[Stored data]
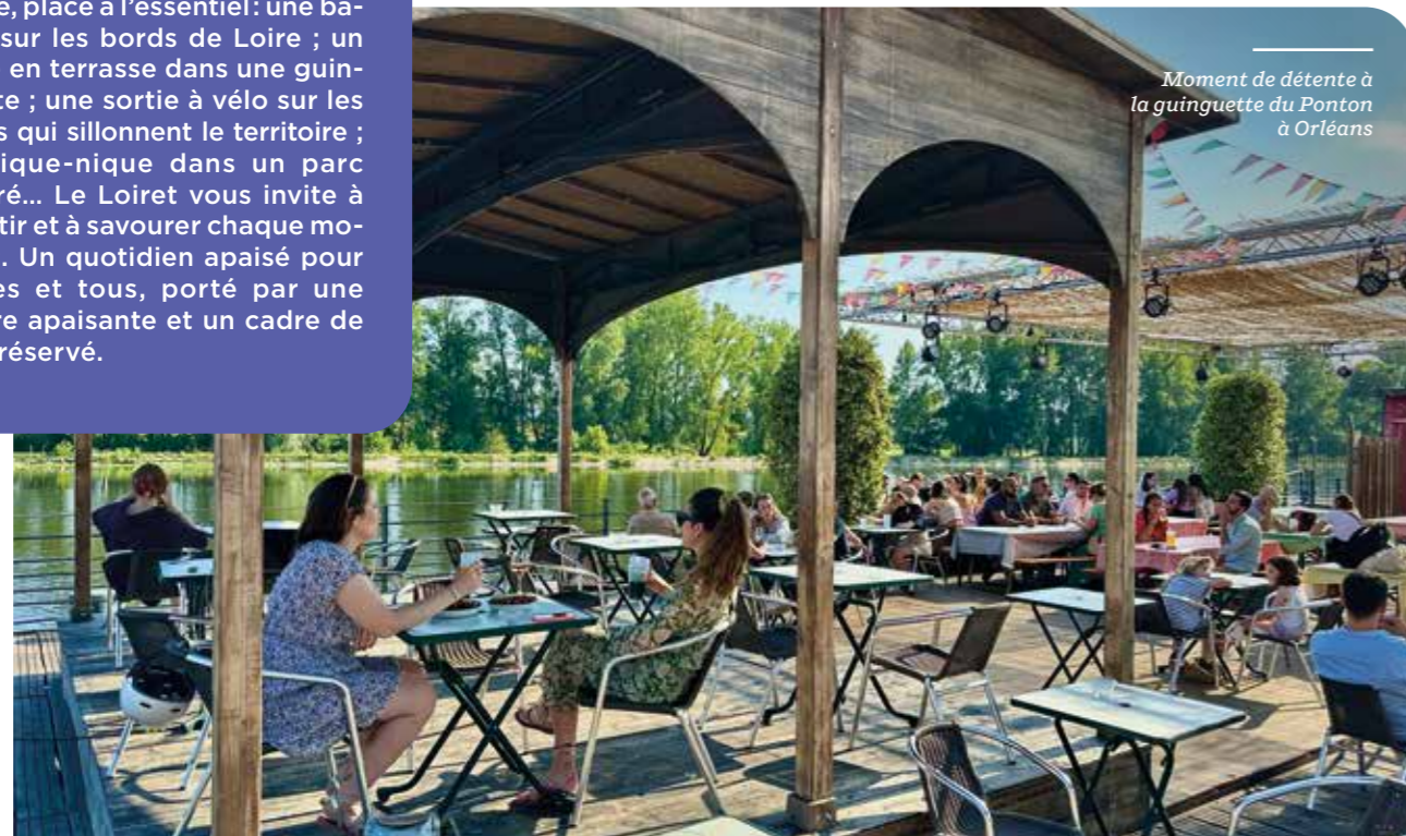
Moment de détente à la guinguette du Ponton à Orléans

Après le travail ou en fin de semaine, place à l'essentiel : une balade sur les bords de Loire ; un verre en terrasse dans une guinguette ; une sortie à vélo sur les pistes qui sillonnent le territoire ; un pique-nique dans un parc arboré... Le Loiret vous invite à ralentir et à savourer chaque moment. Un quotidien apaisé pour toutes et tous, porté par une nature apaisante et un cadre de vie préservé.
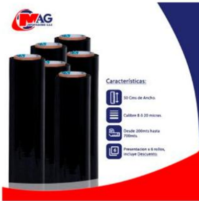
Vinipel Negro de 50 Cms x 6 Rollos
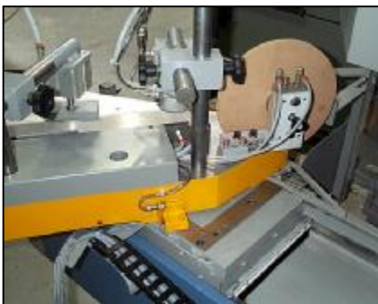
De tafel kan van -60^{\circ} tot +60^{\circ} gedraaid worden. Het oplegvlak verandert hierbij niet.

De Pentho Standard 3 is uitgevoerd met twee lange assen en een geluidsarme afkortzaag. Door middel van gereedschapsdeling kunnen de gereedschappen op alle assen met elkaar gecombineerd worden. De machine is voorzien van een horizontale tafelgeleiding en kan hout bewerken tot 185 mm houthoogte! De robuuste tafel is in twee richtingen 60 graden draaibaar voor schuin werk. Als veiligheidssysteem is een stofafstotend, doorzichtig scherm voorzien dat met de tafel meebeweegt en de machine volledig afsluit. De Pentho Standard 3 is met opties volledig te automatiseren.
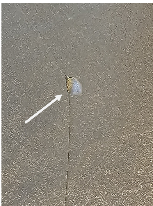
Her ses afslået flig i revnen.
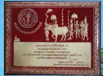
รางวัลสหกรณ์ออมทรัพย์ ดีเด่นแห่งชาติ ประจำปี 2550
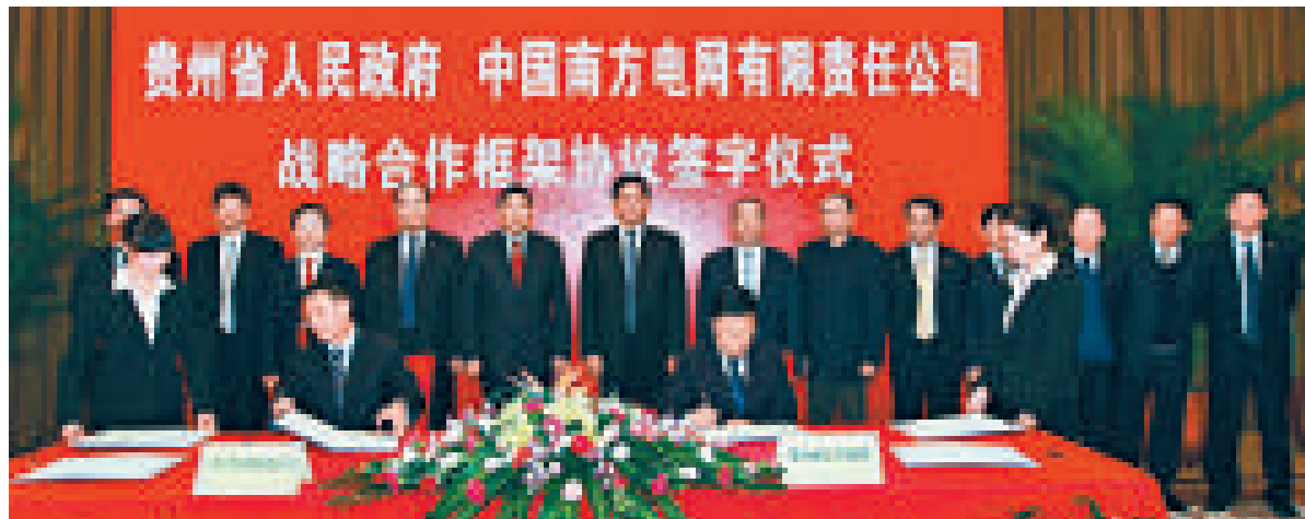
加快轉型，工業強省，推進貴州經濟社會又好又快、更好更快發展

開放、合作、發展、共贏！放眼未來，步履堅實的貴州正向四面八方前所未有地敞開懷抱、發出邀請，貴州與港澳的經濟交流合作將面臨更多的機遇、進入更廣闊的空間。
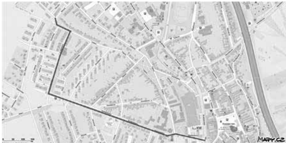
Bezbariérová trasa tentokrát povede ulicemi Komenského, přes Masarykovo náměstí a dále ulicemi U Větrolamu, Mírová, Okružní a Žižkova.

Opravovaná etapa vyplynula ze zpracovaného generelu bezbariérovosti. Ten má město připravený pro úseky podél místních komunikací, schválený Úřadem vlády a řešil i předchozí etapu. „V letošním roce jsme dokončili úseky od Městských služeb, přes Sv. Čecha, Tábor, Žižkovu a také Hybešovu, kde máme Poliklini-
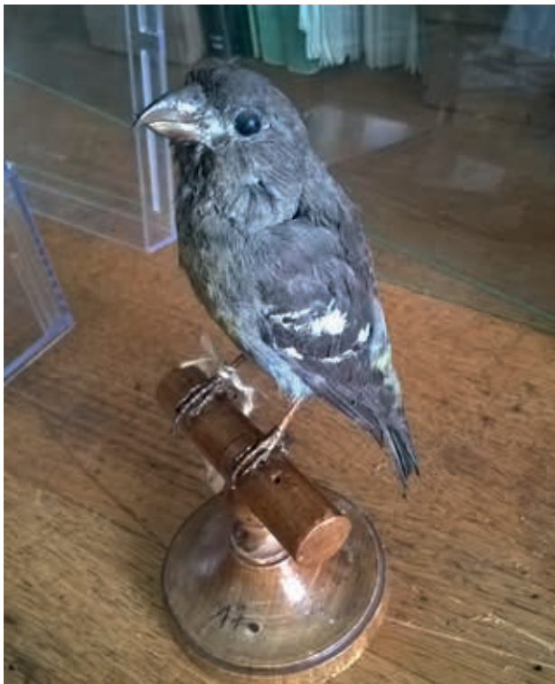
Witbandkruisbek Uit de collectie van het Koninklijk Belgisch Instituut voor Natuurwetenschappen.
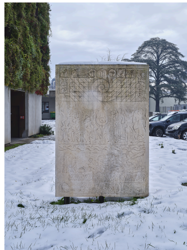
Relief n°2 : Symboles du Dauphiné, décembre 2022 IVR84_20223800138NUCA
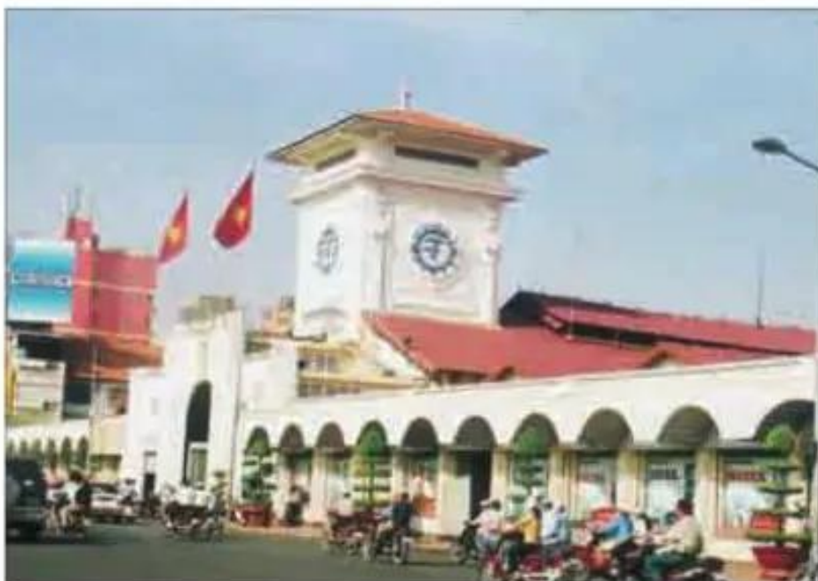
Hình 15.3. Chợ Bến Thành, TP. Hồ Chí Minh
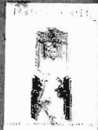
မိုလ်ချုပ်အောင်ဆန်းအတ္ထုပ္ပတ္တိ မူပိုင်ခွင့်ပြုပေးပေးမှုအတွက် (ရဲဘော်သုံးကျိပ်) မူပိုင်ခွင့်ပြုပေးပေး တန်ဖိုး - ၈၀၀၀ ကျပ်
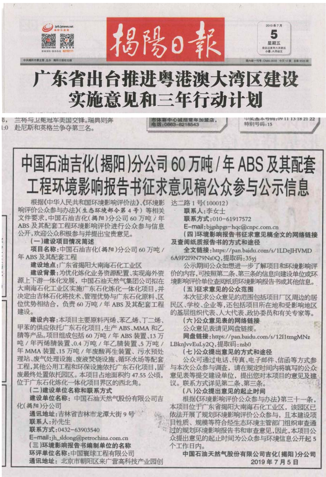
图 3-3 征求意见稿报纸公示 (7 月 5 日)
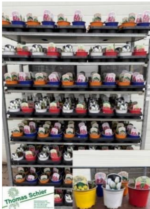
Topfpflanzen auf CC-Containern
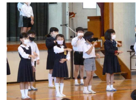
【3年 リレリ・ヨッシャヨッシャ・どっこいしょ】
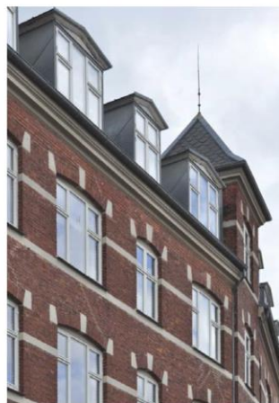
Svingelport hus, Stengade 8, det røde murværk med pudsede gennemgående facadebånd og detaljer omkring vinduerne. Hjørnet ud mod Stengade markeres med et tårn i taget.
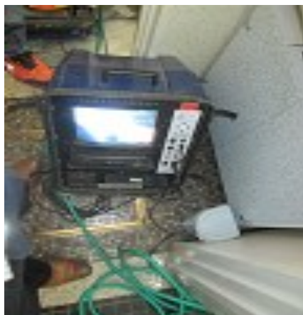
トイレの排水管にカメラを入れて詰まりの調査をしましたよ
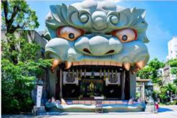
YASAKA NAMBA SHRINE
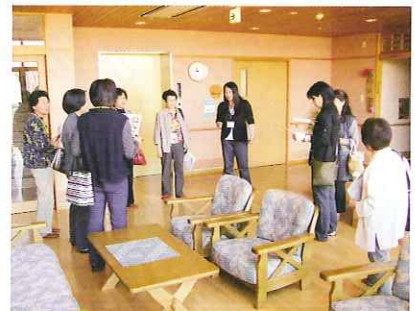
活動場所の確認も熱心に
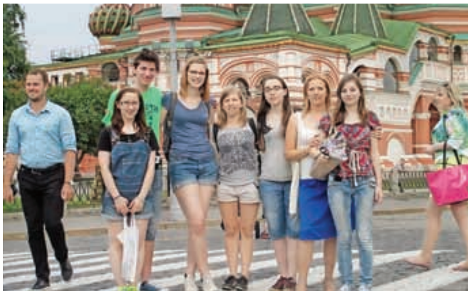
Udeleženci olimpijade v znanju ruskega jezika v Moskvi
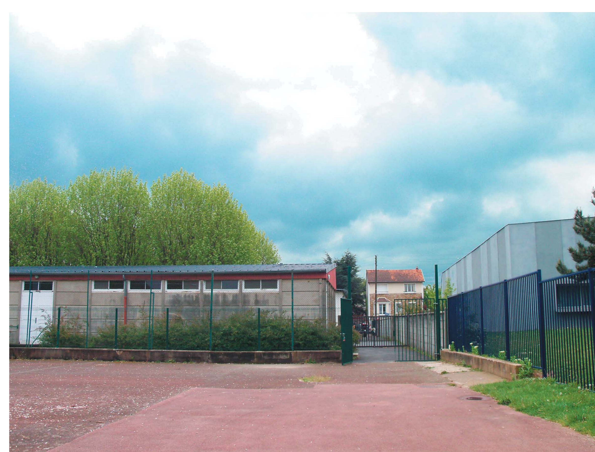
— L'entrée du stade
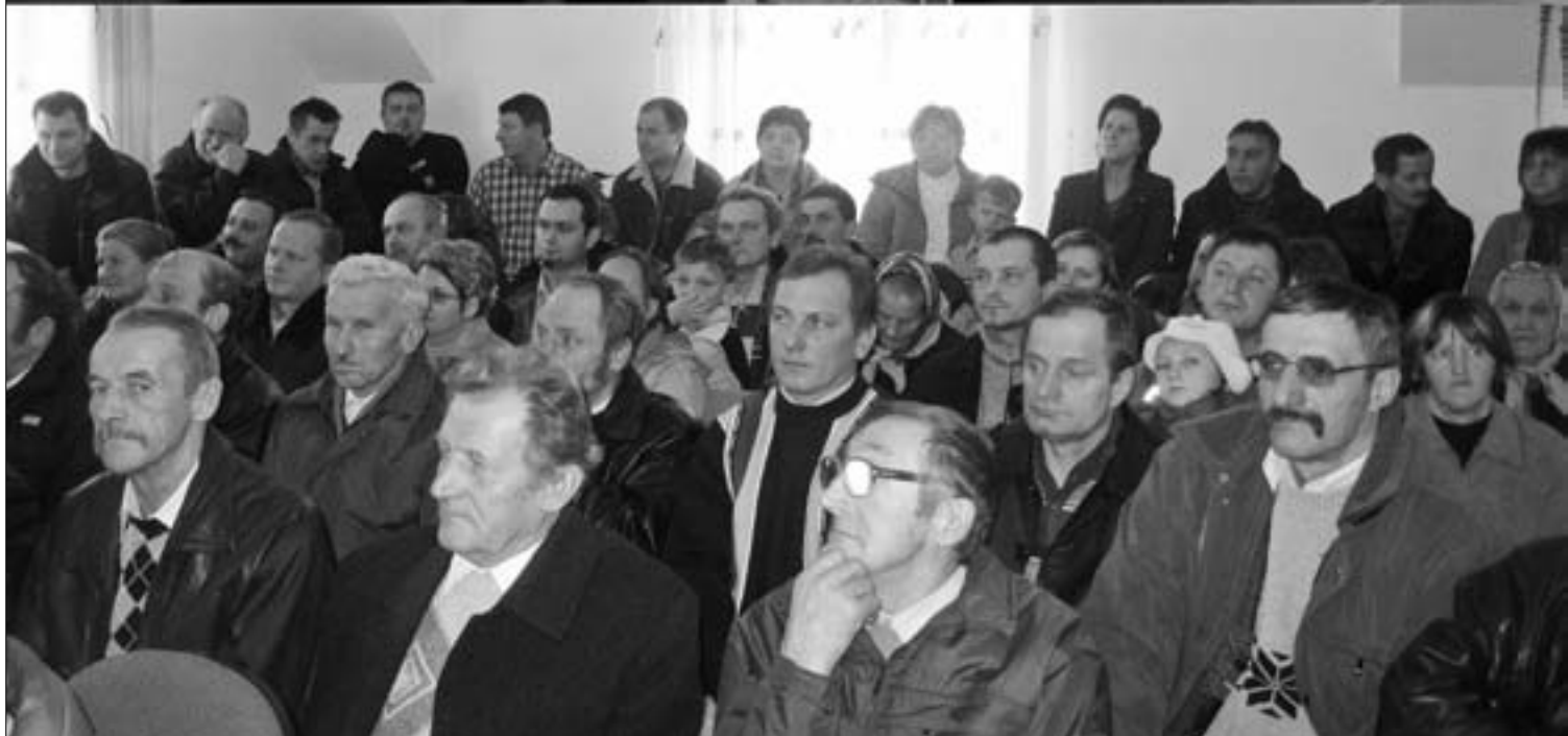
Zebranie w Zasadnem
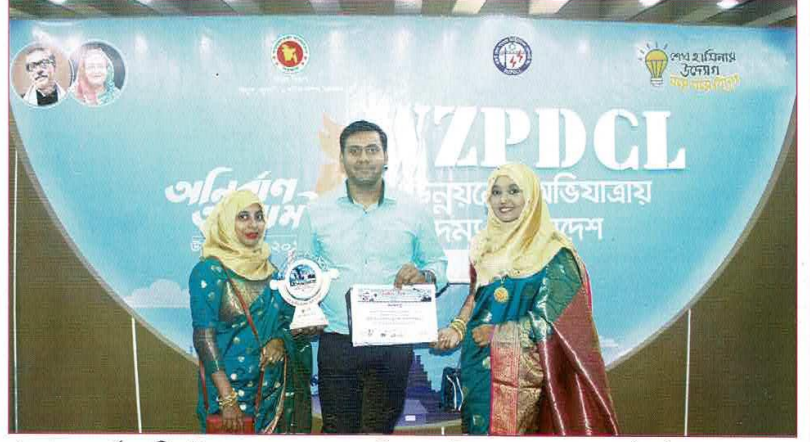
খুলনাসহ চতুর্থ জাতীয় উন্নয়ন মেলায় ওজোপাড়িকোর স্টলে পুরস্কার হাতে কর্মকর্তাবৃন্দ।

খুলনার জেলা প্রশাসনের আয়োজনে সার্কিট হাউজ মাঠ প্রাঙ্গণে সরকারি বেসরকারি দপ্তরের মোট ১৫৬টি স্টল বসে এ উন্নয়ন মেলা। সকল দপ্তর তাদের জনবান্ধব সেবা নিয়ে মেলায় উপস্থিত হয়, তারই ধারাবাহিকতায় পদ্দার এপারের ২১ জেলার বিদ্যুৎ বিতরণকারী প্রতিষ্ঠান ওজোপাড়িকো ও অংশগ্রহণ করে। জনগণের বিদ্যুৎ সেবা সহজীকরণের অংশ হিসাবে ওজোপাড়িকো মেলায় প্রদর্শন করে প্রি-পেইড মিটার ভেঙিৎ পদ্ধতি, এক অবস্থানে গ্রাহক সেবা, টাইম বেইজড কমপ্লেইন ম্যানেজমেন্ট পদ্ধতি ইত্যাদি। এছাড়াও স্টলে বসেই গ্রাহকের নতুন বিদ্যুৎ সংযোগ দেওয়ার ব্যবস্থা করে পদ্দার এপারের বিদ্যুৎ বিতরণকারী প্রতিষ্ঠান ওজোপাড়িকো।

[WHAT IS EXPECTED] Copy out each line of the data exactly as it reads; skip the pictures.

[WRITTEN REPLY]
Moment de détente à la guinguette du Ponton à Orléans

Après le travail ou en fin de semaine, place à l'essentiel : une balade sur les bords de Loire ; un verre en terrasse dans une guinguette ; une sortie à vélo sur les pistes qui sillonnent le territoire ; un pique-nique dans un parc arboré... Le Loiret vous invite à ralentir et à savourer chaque moment. Un quotidien apaisé pour toutes et tous, porté par une nature apaisante et un cadre de vie préservé.
Vinipel Negro de 50 Cms x 6 Rollos
De tafel kan van -60^{\circ} tot +60^{\circ} gedraaid worden. Het oplegvlak verandert hierbij niet.

De Pentho Standard 3 is uitgevoerd met twee lange assen en een geluidsarme afkortzaag. Door middel van gereedschapsdeling kunnen de gereedschappen op alle assen met elkaar gecombineerd worden. De machine is voorzien van een horizontale tafelgeleiding en kan hout bewerken tot 185 mm houthoogte! De robuuste tafel is in twee richtingen 60 graden draaibaar voor schuin werk. Als veiligheidssysteem is een stofafstotend, doorzichtig scherm voorzien dat met de tafel meebeweegt en de machine volledig afsluit. De Pentho Standard 3 is met opties volledig te automatiseren.
Her ses afslået flig i revnen.
รางวัลสหกรณ์ออมทรัพย์ ดีเด่นแห่งชาติ ประจำปี 2550
加快轉型，工業強省，推進貴州經濟社會又好又快、更好更快發展

開放、合作、發展、共贏！放眼未來，步履堅實的貴州正向四面八方前所未有地敞開懷抱、發出邀請，貴州與港澳的經濟交流合作將面臨更多的機遇、進入更廣闊的空間。
Bezbariérová trasa tentokrát povede ulicemi Komenského, přes Masarykovo náměstí a dále ulicemi U Větrolamu, Mírová, Okružní a Žižkova.

Opravovaná etapa vyplynula ze zpracovaného generelu bezbariérovosti. Ten má město připravený pro úseky podél místních komunikací, schválený Úřadem vlády a řešil i předchozí etapu. „V letošním roce jsme dokončili úseky od Městských služeb, přes Sv. Čecha, Tábor, Žižkovu a také Hybešovu, kde máme Poliklini-
Witbandkruisbek Uit de collectie van het Koninklijk Belgisch Instituut voor Natuurwetenschappen.
Relief n°2 : Symboles du Dauphiné, décembre 2022 IVR84_20223800138NUCA
Hình 15.3. Chợ Bến Thành, TP. Hồ Chí Minh
မိုလ်ချုပ်အောင်ဆန်းအတ္ထုပ္ပတ္တိ မူပိုင်ခွင့်ပြုပေးပေးမှုအတွက် (ရဲဘော်သုံးကျိပ်) မူပိုင်ခွင့်ပြုပေးပေး တန်ဖိုး - ၈၀၀၀ ကျပ်
图 3-3 征求意见稿报纸公示 (7 月 5 日)
Topfpflanzen auf CC-Containern
【3年 リレリ・ヨッシャヨッシャ・どっこいしょ】
Svingelport hus, Stengade 8, det røde murværk med pudsede gennemgående facadebånd og detaljer omkring vinduerne. Hjørnet ud mod Stengade markeres med et tårn i taget.
トイレの排水管にカメラを入れて詰まりの調査をしましたよ
YASAKA NAMBA SHRINE
活動場所の確認も熱心に
Udeleženci olimpijade v znanju ruskega jezika v Moskvi
— L'entrée du stade
Zebranie w Zasadnem
খুলনাসহ চতুর্থ জাতীয় উন্নয়ন মেলায় ওজোপাড়িকোর স্টলে পুরস্কার হাতে কর্মকর্তাবৃন্দ।

খুলনার জেলা প্রশাসনের আয়োজনে সার্কিট হাউজ মাঠ প্রাঙ্গণে সরকারি বেসরকারি দপ্তরের মোট ১৫৬টি স্টল বসে এ উন্নয়ন মেলা। সকল দপ্তর তাদের জনবান্ধব সেবা নিয়ে মেলায় উপস্থিত হয়, তারই ধারাবাহিকতায় পদ্দার এপারের ২১ জেলার বিদ্যুৎ বিতরণকারী প্রতিষ্ঠান ওজোপাড়িকো ও অংশগ্রহণ করে। জনগণের বিদ্যুৎ সেবা সহজীকরণের অংশ হিসাবে ওজোপাড়িকো মেলায় প্রদর্শন করে প্রি-পেইড মিটার ভেঙিৎ পদ্ধতি, এক অবস্থানে গ্রাহক সেবা, টাইম বেইজড কমপ্লেইন ম্যানেজমেন্ট পদ্ধতি ইত্যাদি। এছাড়াও স্টলে বসেই গ্রাহকের নতুন বিদ্যুৎ সংযোগ দেওয়ার ব্যবস্থা করে পদ্দার এপারের বিদ্যুৎ বিতরণকারী প্রতিষ্ঠান ওজোপাড়িকো।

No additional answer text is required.